### DATA TO USE
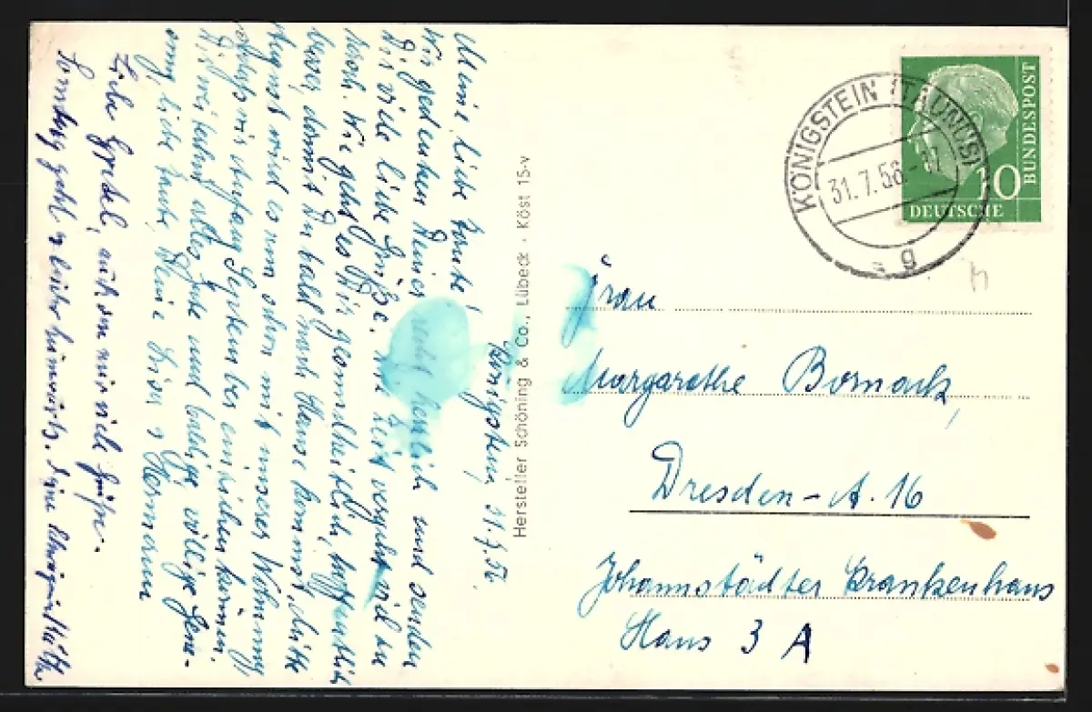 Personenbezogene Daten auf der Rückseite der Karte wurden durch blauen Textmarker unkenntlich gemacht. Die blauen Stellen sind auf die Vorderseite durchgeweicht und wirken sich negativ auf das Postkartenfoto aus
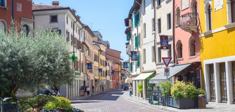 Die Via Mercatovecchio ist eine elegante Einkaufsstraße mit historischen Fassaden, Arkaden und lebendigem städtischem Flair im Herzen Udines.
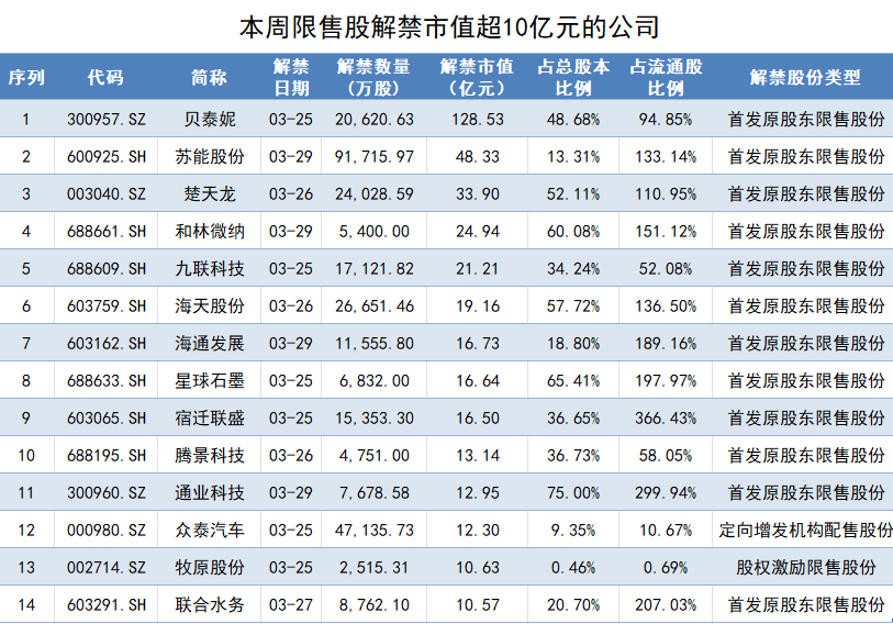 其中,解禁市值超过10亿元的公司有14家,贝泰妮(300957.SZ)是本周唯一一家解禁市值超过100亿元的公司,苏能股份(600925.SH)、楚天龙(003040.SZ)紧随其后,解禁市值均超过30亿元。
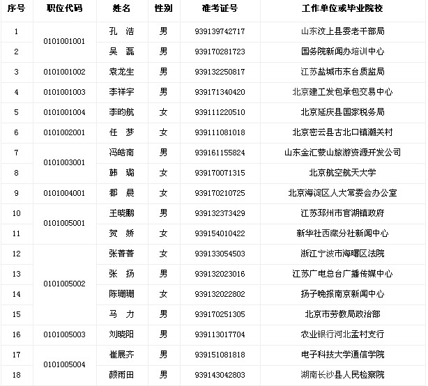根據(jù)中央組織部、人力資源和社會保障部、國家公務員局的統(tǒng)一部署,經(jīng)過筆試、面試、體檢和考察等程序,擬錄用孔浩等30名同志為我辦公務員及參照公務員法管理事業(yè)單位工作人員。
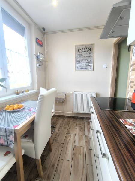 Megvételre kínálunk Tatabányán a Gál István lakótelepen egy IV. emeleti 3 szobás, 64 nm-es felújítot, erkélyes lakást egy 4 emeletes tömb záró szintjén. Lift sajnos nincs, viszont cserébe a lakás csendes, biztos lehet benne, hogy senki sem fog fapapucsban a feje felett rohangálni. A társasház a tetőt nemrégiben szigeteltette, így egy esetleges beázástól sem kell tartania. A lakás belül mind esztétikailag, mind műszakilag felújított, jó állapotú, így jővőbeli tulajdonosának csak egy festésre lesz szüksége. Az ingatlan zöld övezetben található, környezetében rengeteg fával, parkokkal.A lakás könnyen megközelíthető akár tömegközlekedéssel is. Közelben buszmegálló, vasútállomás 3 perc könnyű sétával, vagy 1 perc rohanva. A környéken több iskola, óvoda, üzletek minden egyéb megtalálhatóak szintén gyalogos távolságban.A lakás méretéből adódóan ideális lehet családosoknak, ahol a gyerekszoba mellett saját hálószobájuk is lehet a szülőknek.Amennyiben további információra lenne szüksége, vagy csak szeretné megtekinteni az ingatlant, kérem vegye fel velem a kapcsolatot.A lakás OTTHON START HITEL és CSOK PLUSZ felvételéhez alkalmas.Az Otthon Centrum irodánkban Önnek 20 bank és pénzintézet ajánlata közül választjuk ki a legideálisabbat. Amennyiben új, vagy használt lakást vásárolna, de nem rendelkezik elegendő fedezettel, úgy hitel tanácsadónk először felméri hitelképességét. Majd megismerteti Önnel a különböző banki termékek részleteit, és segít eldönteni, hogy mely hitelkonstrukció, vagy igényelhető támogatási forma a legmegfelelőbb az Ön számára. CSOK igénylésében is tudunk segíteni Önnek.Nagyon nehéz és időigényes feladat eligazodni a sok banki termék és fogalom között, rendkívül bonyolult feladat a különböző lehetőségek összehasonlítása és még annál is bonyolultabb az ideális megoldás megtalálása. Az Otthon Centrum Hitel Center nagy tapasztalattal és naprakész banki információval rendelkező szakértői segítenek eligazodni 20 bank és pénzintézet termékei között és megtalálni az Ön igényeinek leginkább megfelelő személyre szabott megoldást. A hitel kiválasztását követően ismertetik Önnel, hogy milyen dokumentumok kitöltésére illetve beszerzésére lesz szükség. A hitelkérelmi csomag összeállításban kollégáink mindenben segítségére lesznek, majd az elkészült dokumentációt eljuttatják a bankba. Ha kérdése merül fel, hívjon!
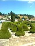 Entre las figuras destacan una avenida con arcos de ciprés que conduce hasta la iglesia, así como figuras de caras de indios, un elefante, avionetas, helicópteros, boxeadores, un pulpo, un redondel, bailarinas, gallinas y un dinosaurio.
==
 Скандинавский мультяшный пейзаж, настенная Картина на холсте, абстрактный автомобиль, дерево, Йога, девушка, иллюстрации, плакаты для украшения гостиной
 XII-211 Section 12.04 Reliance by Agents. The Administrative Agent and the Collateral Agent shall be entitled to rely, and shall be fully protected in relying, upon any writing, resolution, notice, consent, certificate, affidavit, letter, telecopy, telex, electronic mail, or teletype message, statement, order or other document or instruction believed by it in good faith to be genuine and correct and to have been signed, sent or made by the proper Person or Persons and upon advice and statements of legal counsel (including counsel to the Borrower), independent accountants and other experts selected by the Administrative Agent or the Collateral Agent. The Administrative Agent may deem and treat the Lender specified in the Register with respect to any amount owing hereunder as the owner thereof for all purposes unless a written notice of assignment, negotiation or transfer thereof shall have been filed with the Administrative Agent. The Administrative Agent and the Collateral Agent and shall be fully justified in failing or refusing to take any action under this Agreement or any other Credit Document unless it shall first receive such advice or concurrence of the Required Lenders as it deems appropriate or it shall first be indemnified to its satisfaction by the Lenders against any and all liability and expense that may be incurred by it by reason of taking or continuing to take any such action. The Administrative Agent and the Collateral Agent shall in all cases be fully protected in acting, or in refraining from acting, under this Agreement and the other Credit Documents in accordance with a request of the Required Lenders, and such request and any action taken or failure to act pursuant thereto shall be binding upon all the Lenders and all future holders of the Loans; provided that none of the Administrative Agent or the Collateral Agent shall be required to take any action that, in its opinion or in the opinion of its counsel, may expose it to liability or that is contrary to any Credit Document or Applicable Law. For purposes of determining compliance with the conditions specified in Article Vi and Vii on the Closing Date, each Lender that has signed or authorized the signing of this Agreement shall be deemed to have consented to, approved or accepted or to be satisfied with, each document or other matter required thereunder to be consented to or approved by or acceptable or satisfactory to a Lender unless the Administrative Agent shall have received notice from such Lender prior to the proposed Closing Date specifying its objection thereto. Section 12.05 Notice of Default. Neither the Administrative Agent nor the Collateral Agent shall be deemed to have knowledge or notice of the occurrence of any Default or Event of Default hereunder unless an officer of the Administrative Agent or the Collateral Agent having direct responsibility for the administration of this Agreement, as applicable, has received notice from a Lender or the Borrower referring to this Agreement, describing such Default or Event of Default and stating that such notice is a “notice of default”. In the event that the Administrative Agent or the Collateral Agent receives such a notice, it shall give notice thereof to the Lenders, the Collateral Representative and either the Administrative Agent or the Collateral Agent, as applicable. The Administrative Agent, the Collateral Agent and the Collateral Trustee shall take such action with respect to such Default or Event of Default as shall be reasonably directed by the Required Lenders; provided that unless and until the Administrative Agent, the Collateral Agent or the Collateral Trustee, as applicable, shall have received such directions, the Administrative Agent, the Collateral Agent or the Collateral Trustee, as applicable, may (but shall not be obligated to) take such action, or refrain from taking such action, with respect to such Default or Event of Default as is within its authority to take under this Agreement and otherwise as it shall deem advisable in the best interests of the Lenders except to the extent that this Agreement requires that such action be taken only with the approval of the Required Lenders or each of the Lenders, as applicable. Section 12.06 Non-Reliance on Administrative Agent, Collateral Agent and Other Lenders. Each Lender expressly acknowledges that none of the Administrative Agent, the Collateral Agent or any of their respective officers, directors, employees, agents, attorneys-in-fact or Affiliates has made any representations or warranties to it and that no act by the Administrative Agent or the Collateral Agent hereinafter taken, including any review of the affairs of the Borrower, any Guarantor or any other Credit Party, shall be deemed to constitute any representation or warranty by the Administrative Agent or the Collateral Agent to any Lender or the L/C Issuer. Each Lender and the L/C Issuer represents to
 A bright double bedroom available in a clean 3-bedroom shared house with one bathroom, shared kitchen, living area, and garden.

### EXERCISE AIM
Give the lines above again exactly, from the one containing "Personenbezogene Daten auf" to the one containing "根據(jù)中央組織部、人力", both included, but leave out the pictures.

### WRITTEN ANSWER
 Personenbezogene Daten auf der Rückseite der Karte wurden durch blauen Textmarker unkenntlich gemacht. Die blauen Stellen sind auf die Vorderseite durchgeweicht und wirken sich negativ auf das Postkartenfoto aus
 Die Via Mercatovecchio ist eine elegante Einkaufsstraße mit historischen Fassaden, Arkaden und lebendigem städtischem Flair im Herzen Udines.
 其中,解禁市值超过10亿元的公司有14家,贝泰妮(300957.SZ)是本周唯一一家解禁市值超过100亿元的公司,苏能股份(600925.SH)、楚天龙(003040.SZ)紧随其后,解禁市值均超过30亿元。
根據(jù)中央組織部、人力資源和社會保障部、國家公務員局的統(tǒng)一部署,經(jīng)過筆試、面試、體檢和考察等程序,擬錄用孔浩等30名同志為我辦公務員及參照公務員法管理事業(yè)單位工作人員。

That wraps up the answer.